Print, word for word, only the lines from the one with "Exit Slip •" down to the last line of the listing below; no pictures.

» **Given information**:
━━━━

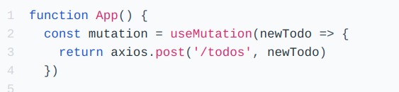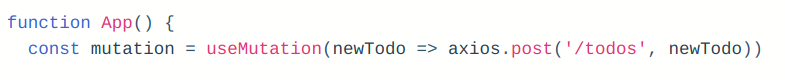 useMutation(newTodo => axios.post('/todos', newTodo))which was very confusing for me when I tried to code and it didn't work. It took me a very long time to notice that small detail.I think the return statement will drastically remove that confusion.
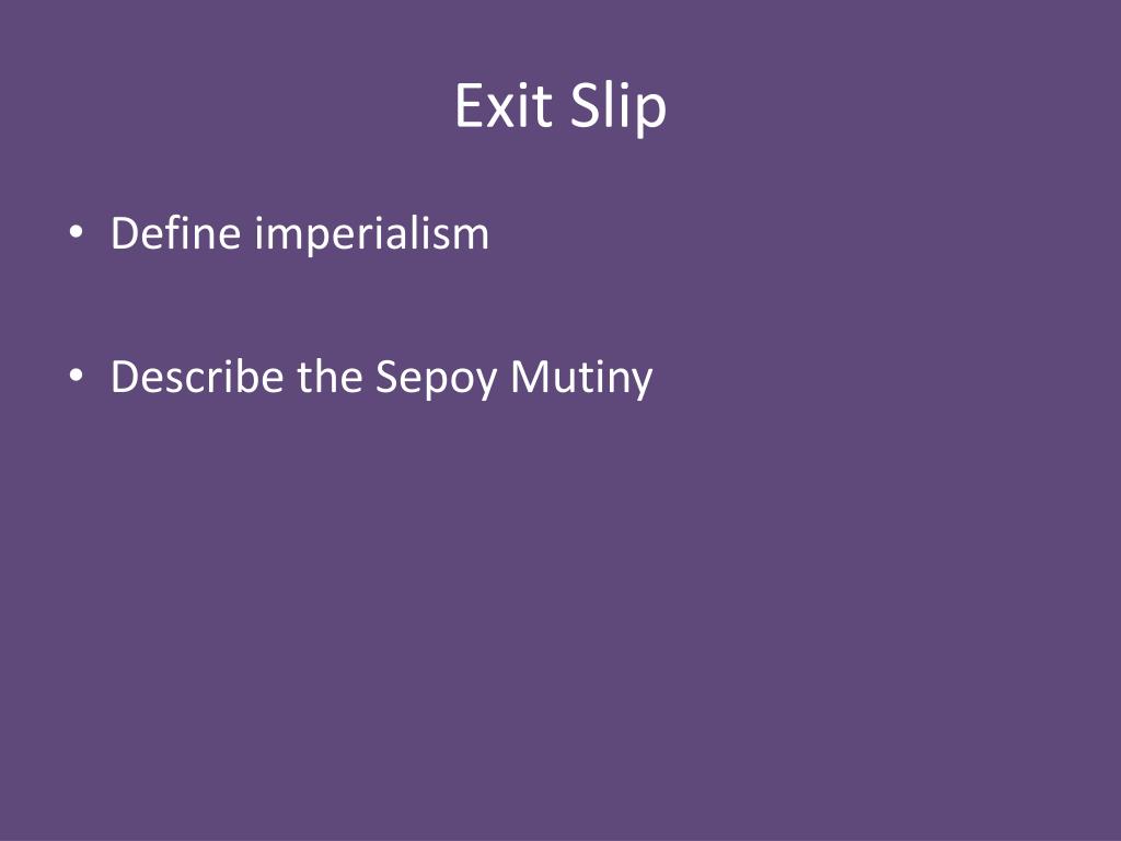 Exit Slip • Define imperialism • Describe the Sepoy Mutiny
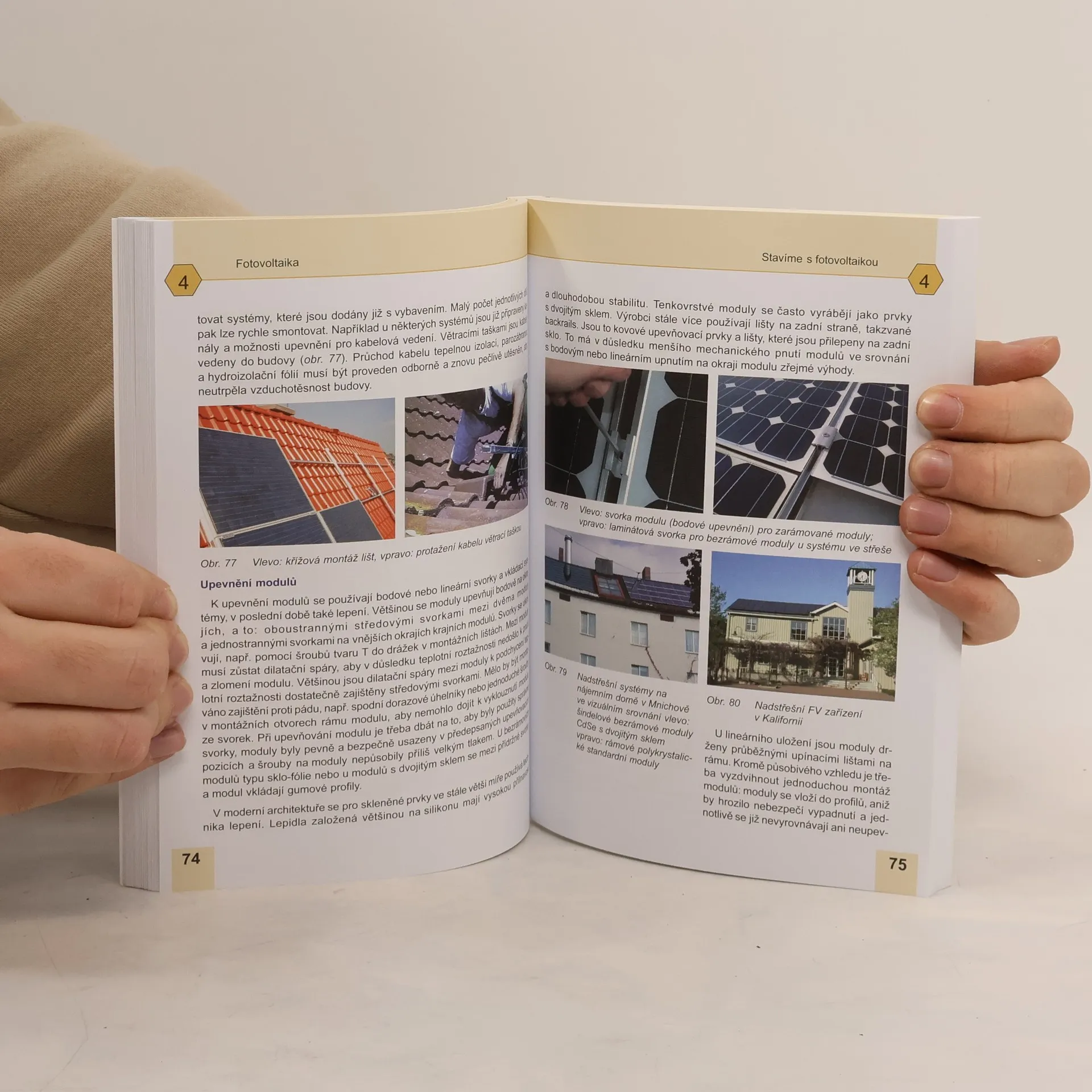 Kniha je zaměřena na návrh, stavbu, provoz a přínosy fotovoltaických zdrojů elektrické energie instalovaných především na budovách. Přitom vychází z nejnovějších poznatků tohoto rychle se vyvíjejícího se oboru, takže tím přesně naplňuje současnou potřebu realizace investičně a prostorově úsporných a k životnímu prostředí šetrných zařízení tohoto druhu. Rozebírá a vyhodnocuje různé varianty realizace s jejich přednostmi i nedostatky a tím může posloužit k nejoptimálnějšímu řešení pro konkrétní podmínky. Rovněž přináší mnoho rad a doporučení pro jednotlivé profese podílející se na realizaci a provozu těchto zařízení a na několika příkladech ukazuje ekonomiku provozu. Nepomíjí ani legislativu. Obsahuje obsažné odkazy na další informační zdroje.

━━━━

» **Task result**:
 Exit Slip • Define imperialism • Describe the Sepoy Mutiny
 Kniha je zaměřena na návrh, stavbu, provoz a přínosy fotovoltaických zdrojů elektrické energie instalovaných především na budovách. Přitom vychází z nejnovějších poznatků tohoto rychle se vyvíjejícího se oboru, takže tím přesně naplňuje současnou potřebu realizace investičně a prostorově úsporných a k životnímu prostředí šetrných zařízení tohoto druhu. Rozebírá a vyhodnocuje různé varianty realizace s jejich přednostmi i nedostatky a tím může posloužit k nejoptimálnějšímu řešení pro konkrétní podmínky. Rovněž přináší mnoho rad a doporučení pro jednotlivé profese podílející se na realizaci a provozu těchto zařízení a na několika příkladech ukazuje ekonomiku provozu. Nepomíjí ani legislativu. Obsahuje obsažné odkazy na další informační zdroje.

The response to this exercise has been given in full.